Not sure either of those apply. In the first case I would assume (I know...  that the ceiling fans in question are not cord and plug attached, but rather hardwired. In the second case I believe the intent there is that if a circuit is also supplying lighting or recepticales then the hardwired stuff shouldn't use more than 50% of the load allowing the end-user to load up their 150W bulbs in the lighting and plug their hairdryers into the recepts. If it's a dedicated fan circuit no worries there.


----------



## WillK (Aug 29, 2010)

Yeah... I figured it might not apply, but the wording is clear as mud and it seems like if you take the strictest interpretation possible so you err on the side of caution, maybe you could interpret a ceiling fan with light as a hardwired utilization fixture on a circuit with lighting fixtures, so you won't have any issues if you stay under 50%... You might be okay above that, but you'd need someone who has a better understanding of code interpretation to say whether it's okay.

That said, there are spikes in current draw for fan motors at start-up, and if CFL's are involved they'll use more current at start-up. But either way, 9 ceiling fans covers a lot of house. We had a 3000 sq. ft house with 4 bedrooms in Indiana and we had 9 ceiling fans.


----------



## WaldenL (Jan 9, 2009)

Very true that 9 fans covers a lot of house. And even more, I think it would be crazy to have a long meandering "fan" circuit that traveled throughout the house. I'd rather see each of the fan's hooked into that room's circuit. The only long meandering single circuit I want to see is the smokes. I could see a need for a bunch of fans in a big great-room though -- but probably not nine. 3 or 4, yes.


----------



## cknett (Jan 4, 2011)

WaldenL said:


> Very true that 9 fans covers a lot of house.
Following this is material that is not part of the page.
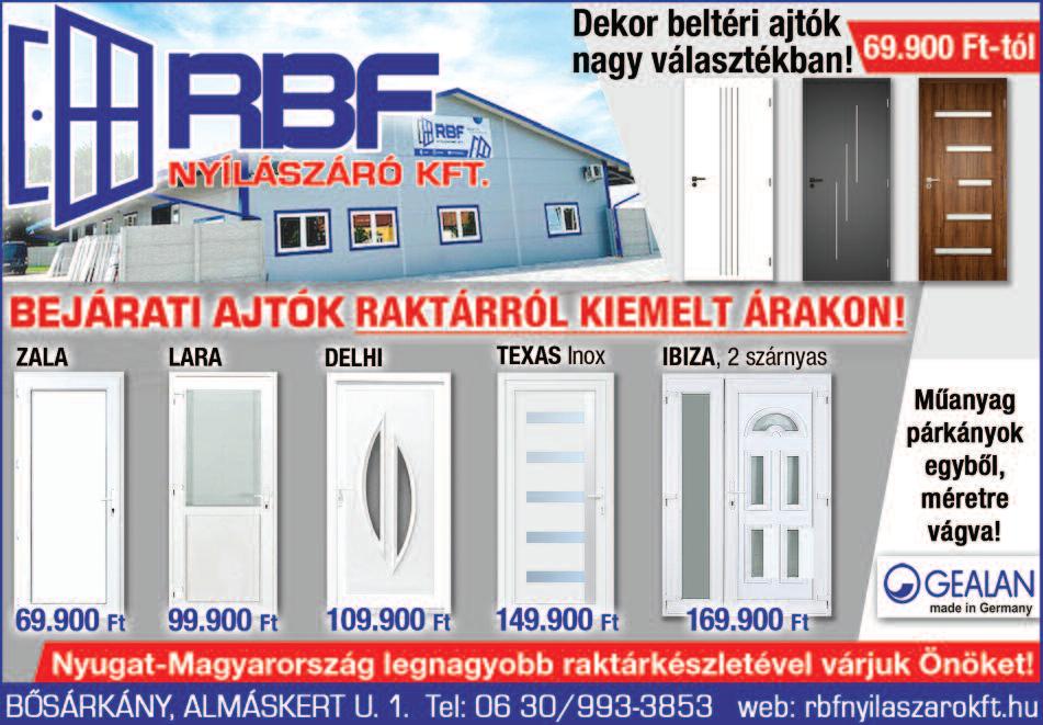 Garázskapu, bukó rendszerű, fehér színben, 1 év garanciával: 240x200as, 240x210-es és 250x200-as méretben 159 900 Ft/db, 260x210es méretben 179 900 Ft/db, 260x225-ös méretben 189.900 Ft/db 06/30/610-3850 www rbfnyilaszarokft hu , Bősárkány, Almáskert u 1 Étkezőgarnitúra eladó tömör fából, közvetlenül a gyártótól Asztal + 6 kárpitos szék 99 900 Ft, színválasztékkal, raktárkészletről elvihető 06-30/639-1574 www szaszabutor com Üveges fa bejárati ajtók hőszigetelt üveggel, záró gumitömítéssel, kilinccsel, kulcsokkal, 98*208-as méret (egyszárnyas kivitel) 119 900 Ft/db, valamint138*208-as (kétszárnyas kivitel) 159 900 Ft/db 06/30/6103850 www rbfnyilaszarokft hu , Bősárkány, Almáskert u 1

And even more, I think it would be crazy to have a long meandering "fan" circuit that traveled throughout the house. I'd rather see each of the fan's hooked into that room's circuit. The only long meandering single circuit I want to see is the smokes. I could see a need for a bunch of fans in a big great-room though -- but probably not nine. 3 or 4, yes.



This is a dedicated light breaker for our home. it currently has 3 ceiling fans and 7 light fixtures on it already. I have 3 new ceiling fans I was looking to hard wire in. just couldnt find exact literature to support it or not.


----------



## WillK (Aug 29, 2010)

I'm guessing that if you have a dedicated circuit for lighting, the home or at least the electrical must be at least from in the 80's or newer.. You should add up the current draw of what you have to figure out what's left, if you're operating 7 100 watt incandescent bulbs in your lighting fixtures and have 3 fans pulling 70 watts plus 6 bulbs at 60 watts each, that's 10.6 amps and depending on the type of ceiling fan you could even end up going over 15 amps.
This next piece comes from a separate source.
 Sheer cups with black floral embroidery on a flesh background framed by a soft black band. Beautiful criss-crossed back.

But you might have no problems if you do something energy efficient, especially if you are replacing a lighting fixture that uses incandescent bulbs.

Here's NEC 210 (A)
(A) 15- and 20-Ampere Branch Circuits. A ​​15- or 20ampere
branch circuit shall be permitted to supply lighting
units or other utilization equipment, or a combination of
both, and shall comply with 210.23(A)(1) and (A)(2).​
_Exception: The small appliance branch circuits, laundry
branch circuits, and bathroom branch circuits required in a
dwelling unit(s) by 210.11(C)(l), (C)(2), and (C)(3) shall
supply only the receptacle outlets specified in that section.​_(1) Cord-and-Plug-Connected Equipment Not Fastened
in Place. ​​The rating of anyone cord-and-plug-connected
utilization equipment not fastened in place sh~ll not exceed
80 percent of the branch-circuit ampere rating.​
(2) Utilization Equipment Fastened in Place. ​​The total
rating of utilization equipment fastened in place, other than
luminaires (lighting fixtures), shall not exceed 50 percent of
the branch-circuit ampere rating where lighting u~its, cordand-
plug-connected utilization equipment not fast~ned in​
place, or both, are also supplied.

It seems that from table 210.24 that the maximum load on a 15A circuit is 15A.


----------



## Saturday Cowboy (Nov 29, 2009)

A ture answer to this question requires a load calc. Add up the max wattage of everything as then we will know.


----------



## Scuba_Dave (Jan 16, 2009)

cknett said:


> This is a dedicated light breaker for our home. it currently has 3 ceiling fans and 7 light fixtures on it already. I have 3 new ceiling fans I was looking to hard wire in. just couldnt find exact literature to support it or not.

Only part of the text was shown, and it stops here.